Wire the workflow for GitHub MCP usage so the orchestrator can fetch PR metadata and diffs from GitHub in a real project.

At minimum, document:

Which GitHub MCP server or GitHub tool integration you used.
What permissions/scopes it needs.
How the orchestrator falls back to local fixture review when MCP is unavailable.
What data must never be sent to external services.

If your environment cannot run MCP during the capstone, your starter repo must still include a clear integration plan and your demo must use the local fixtures.

8. Permissions Rationale¶

Document permissions for every agent. The goal is least privilege:

Agent	File Read	File Edit	Bash	Network/MCP	Rationale
`reviewer-orchestrator`	Yes	No	No by default	GitHub MCP only	Coordinates review and fetches diff.
`security-checker`	Yes	No	No	No	Reviews evidence without side effects.
`style-linter`	Yes	No	No	No	Checks conventions without side effects.
`test-impact`	Yes	No	Safe local tests only	No	Verifies impact without changing code.
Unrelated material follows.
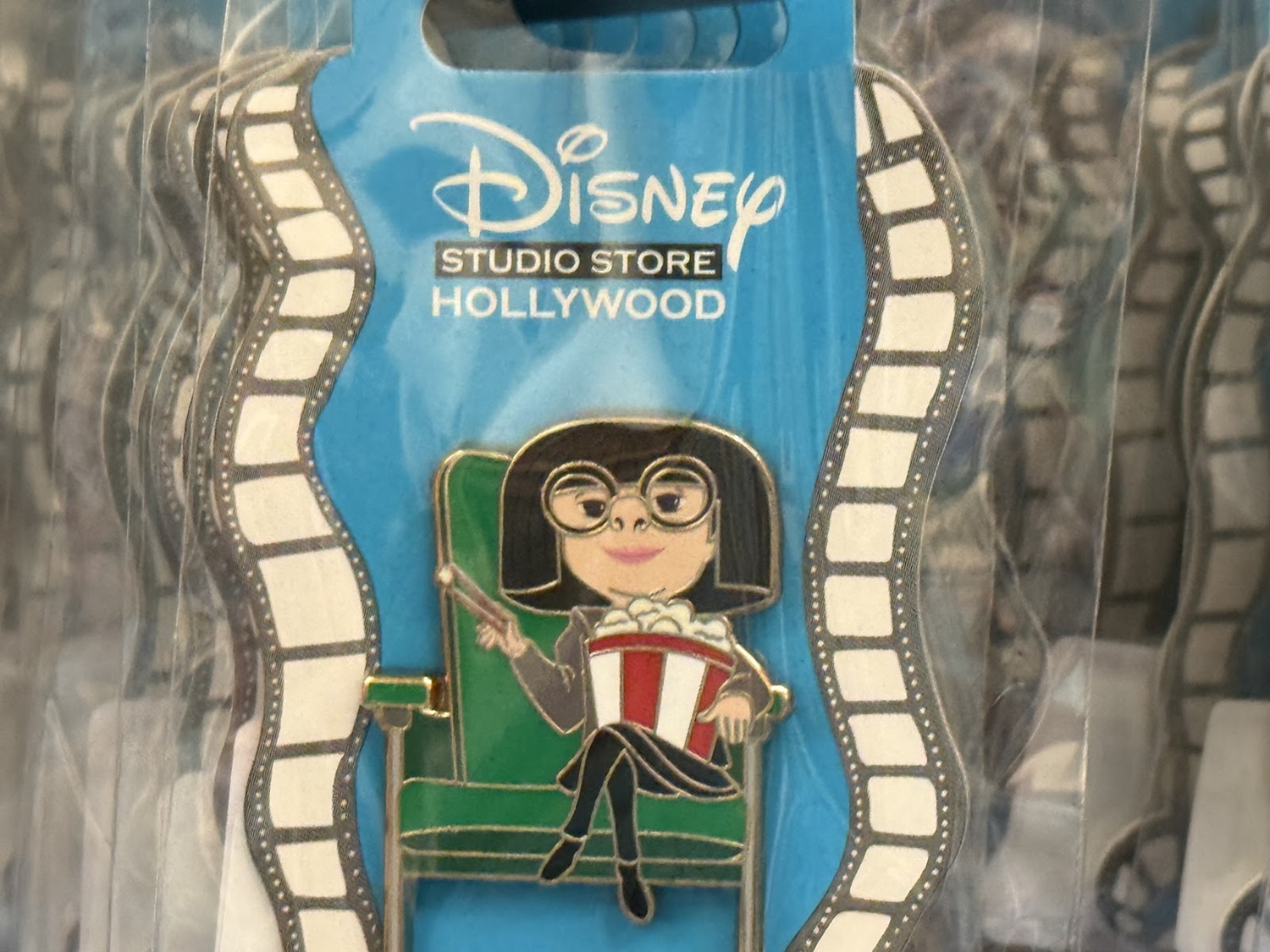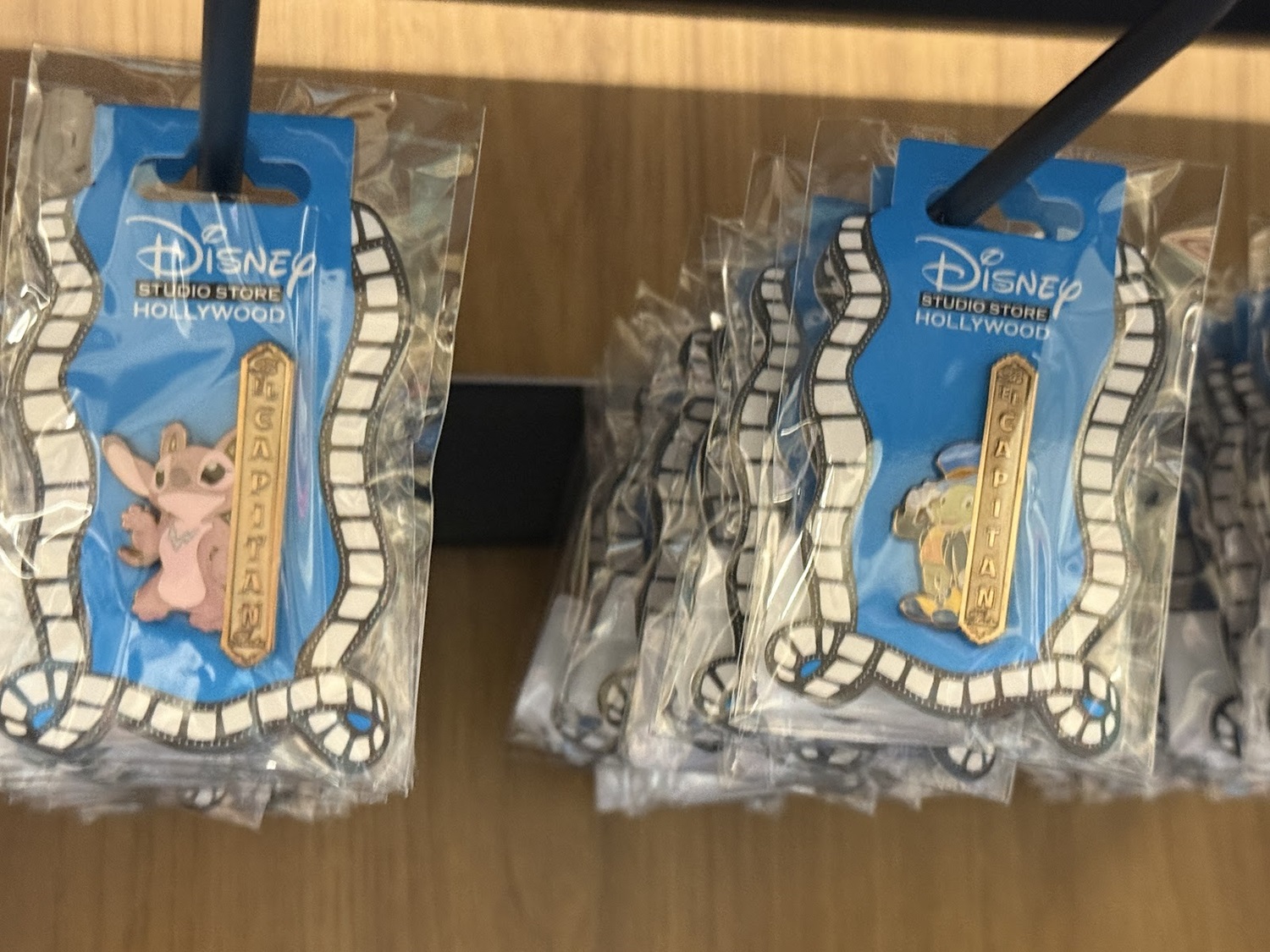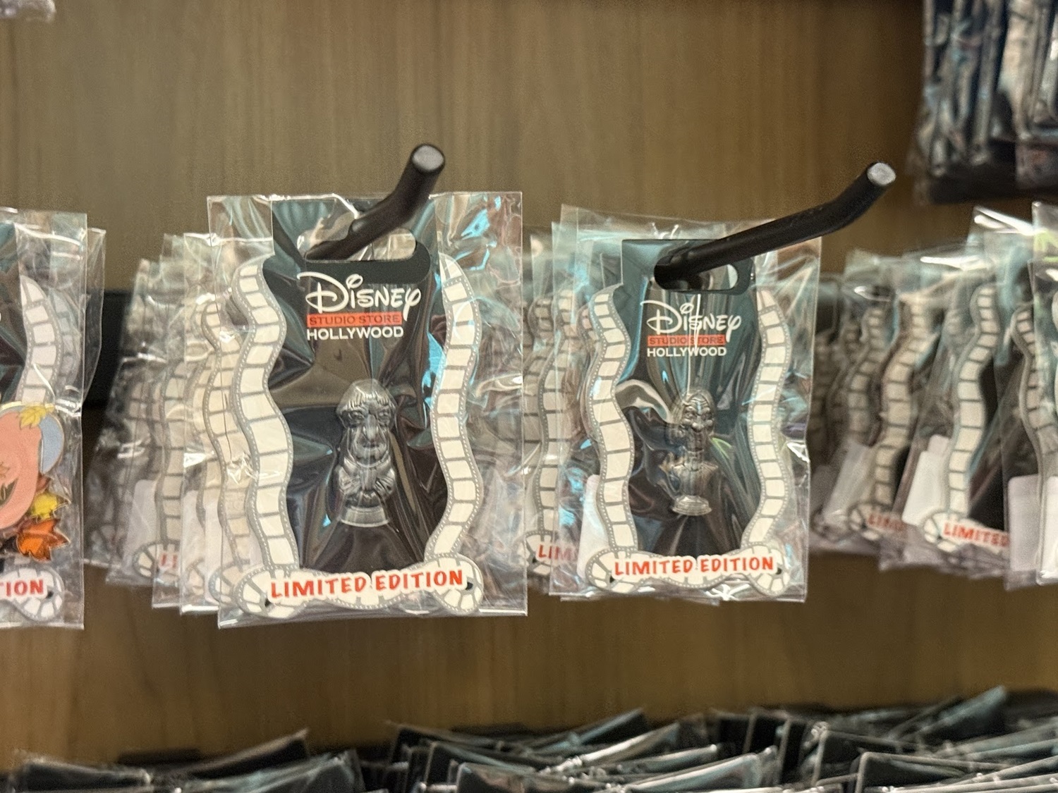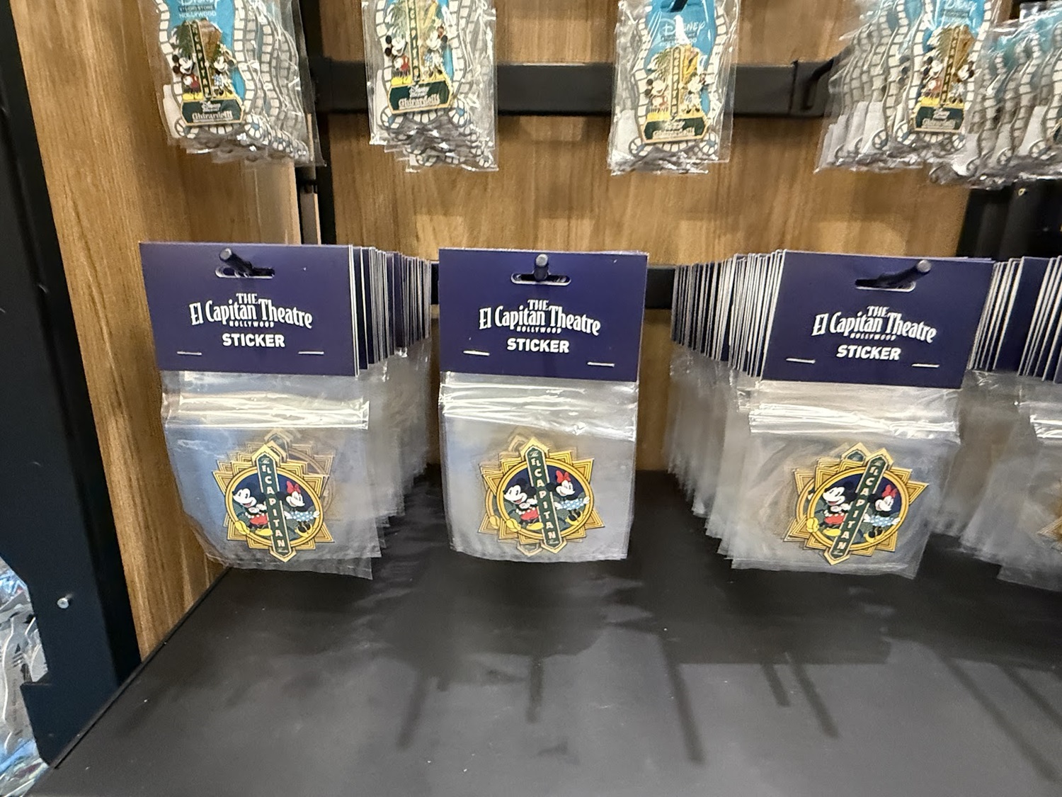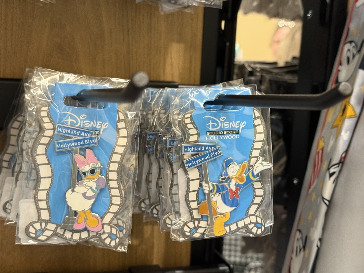 The real draw though are the open-edition pins that can be found in this location. Each features a classic or favorite character sitting in a theater seat. Others feature characters alongside the famous El Capitan Theatre marquee. As a reminder of where these came from, a number of the pins also feature characters at the road signs marking Hollywood and Highland.
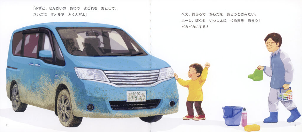 手がけるのは斉藤俊行さん。『クリスマスの ふしぎな はこ』(福音館書店)をはじめ、たくさんの絵本の絵を描いてきた斉藤さんですが、文章と絵をともに手掛けるのは初めてです。そんなに今作に登場する車は、斉藤さんの愛車がモデル。その愛車を編集者とともに洗いながら、車の大きさから細部のつくりにまで一緒に「驚いた」成果が、この絵本には詰まっています。

Your implementation may differ, but every permission must be justified.

9. Evals¶

Provide three PR fixtures and make the system classify them correctly:

Fixture	Expected Classification	Required Behavior
`good-pr.md`	`approve-with-notes`	Finds no blocking issues and recommends reasonable tests.
`risky-pr.md`	`request-changes`	Flags a concrete security risk with evidence.
`stylistic-pr.md`	`approve-with-notes` or `needs-human-review`	Identifies style issues without overstating severity.

You may add a simple manual eval checklist or script, but no package installs are required.

10. Demo and Writeup¶

Submit:

A 10-minute recorded demo.
A README explaining setup, usage, architecture, permissions, eval results, and known limits.
A final review output for each fixture.

Suggested Work Plan¶

Step 1: Start With the Output Contract¶

Before writing agents, draft the final review format and severity labels. This keeps all subagents aligned.

Recommended severities:

blocker: must fix before merge.
high: likely serious bug, security risk, or data loss.
medium: correctness or maintainability risk.
low: polish, clarity, or minor convention issue.
question: needs author clarification.

Step 2: Build the Local Fixture Path¶

Make /review-pr evals/fixtures/good-pr.md work before connecting GitHub MCP. Local fixtures are easier to debug and make your evals repeatable.

Step 3: Add Specialist Agents One at a Time¶

Add security-checker first, then style-linter, then test-impact. After each agent, run all three fixtures and compare output to the expected classifications.

Step 4: Add GitHub MCP¶

Once local review works, add live PR fetching. Keep the same internal review contract so the rest of the pipeline does not change.

Step 5: Harden Permissions¶

Try to make each agent do something outside its role. Confirm it refuses or lacks permission.

Step 6: Run Evals and Record Results¶

Run all three fixtures and record:

Input fixture.
Expected verdict.
Actual verdict.
Blocking findings found.
False positives or misses.
Changes made after the eval.

Definition of Done¶

Your capstone is complete when:

/review-pr works on all three local fixtures.
The orchestrator delegates to all three subagents.
The two required skills are present and used where relevant.
Permissions are scoped and documented.
The GitHub MCP integration is implemented or clearly documented with a local fallback.
All three eval fixtures receive the expected classification.
The README lets another learner run the project without your help.
The demo shows at least one clean PR, one risky PR, and one style-heavy PR.

Constraints¶

Do not let the system auto-merge, approve, push, or edit code as part of review.
Do not expose secrets in prompts, fixtures, screenshots, or recordings.
Do not require paid services beyond the model provider and GitHub access already used in the course.
Do not rely on hidden local files. The submitted repo must contain all required prompts, skills, commands, fixtures, and documentation.

Stretch Goals¶

Add confidence scores for each finding.
Add a fourth specialist for accessibility, performance, or dependency review.
Produce a machine-readable JSON summary in addition to Markdown.
Compare two model choices for the same fixture and document tradeoffs.
Add a lightweight eval runner that checks whether verdict labels match expected labels.